Div. One, in an unpublished opinion by Justice Jeffrey Johnson, said the delay was not “completely irrational,” and thus did not meet the high standard for vacating an arbitration award.
Rosemarie Meza, a former insurance service representative for the Automobile Club of Southern California, sued for wrongful termination in 2013; the action was stayed pending arbitration pursuant to her employment agreement.
The parties agreed to have JAMS conduct the arbitration, and to bifurcate the issue of punitive damages and have the arbitrator issue an interim award resolving all other issues. Following a hearing lasting several days in May 2014, the parties agreed to waive oral argument in favor of submitting “simultaneously submitted briefs,” and that the arbitrator would decide the case by Oct. 13.

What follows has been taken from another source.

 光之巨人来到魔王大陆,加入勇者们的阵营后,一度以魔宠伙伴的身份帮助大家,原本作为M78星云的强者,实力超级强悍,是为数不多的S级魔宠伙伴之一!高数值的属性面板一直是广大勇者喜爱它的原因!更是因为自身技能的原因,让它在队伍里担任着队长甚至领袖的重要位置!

On Oct. 12, the arbitrator informed the parties he was extending the deadline for the interim award to Nov. 17. On Oct. 16, Meza’s counsel objected and argued that the arbitrator’s jurisdiction had expired.
The arbitrator later extended the deadline to Nov. 24, and issued the award the day before that, finding for the employer on all issues and retaining jurisdiction until Dec. 19 to issue a final award. On Dec. 16, the final award in favor of the employer was issued.

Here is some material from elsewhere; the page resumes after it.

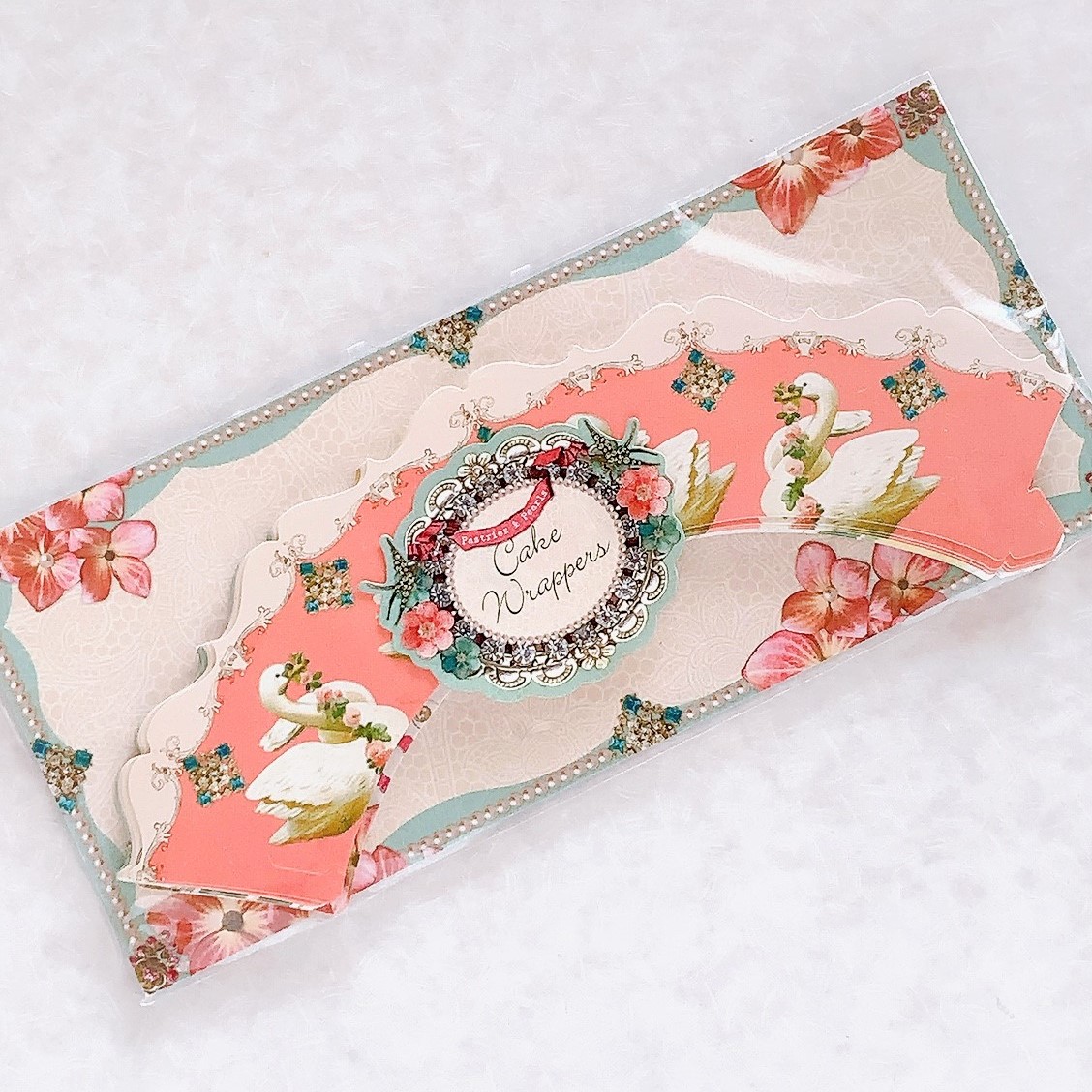 柄はピンクフラワー、イエローローズ、スワンの3種類。 カップケーキにグルっと巻くだけで、簡単&一気にかわいくなります。

Los Angeles Superior Court Judge Michael Johnson confirmed the award and denied Meza’s petition to vacate.
Justice Johnson, writing for the Court of Appeal, said the arbitrator reasonably interpreted the JAMS rules as setting the Nov. 23 date as the close of the evidence and allowing 30 days for the issuance of the final award after that. He rejected the plaintiff’s argument that the 30-day period had to have commenced by October under any reasonable interpretation of the rules.
Noting that the arbitration agreement gave the arbitrator “exclusive authority to resolve any dispute regarding the interpretation” of the agreement, and that the JAMS rules contain similar language, the justice wrote:
“In light of the language of the Arbitration Agreement and the Rules, and given the wide-ranging grant of authority to interpret that language, we hold that the arbitrator’s interpretation of the Arbitration Agreement and the Rules was not irrational at all. In fact, it was more than plausible; it was both well-reasoned and reasonable.”
The plaintiff was represented on appeal by Gleason & Favarote’s Paul M. Gleason, Brandyn E. Stedfield and Rina J. Restaino. Manuel Dominguez represented the defendant.
The case is Meza v. Automobile Club of Southern California, B264348.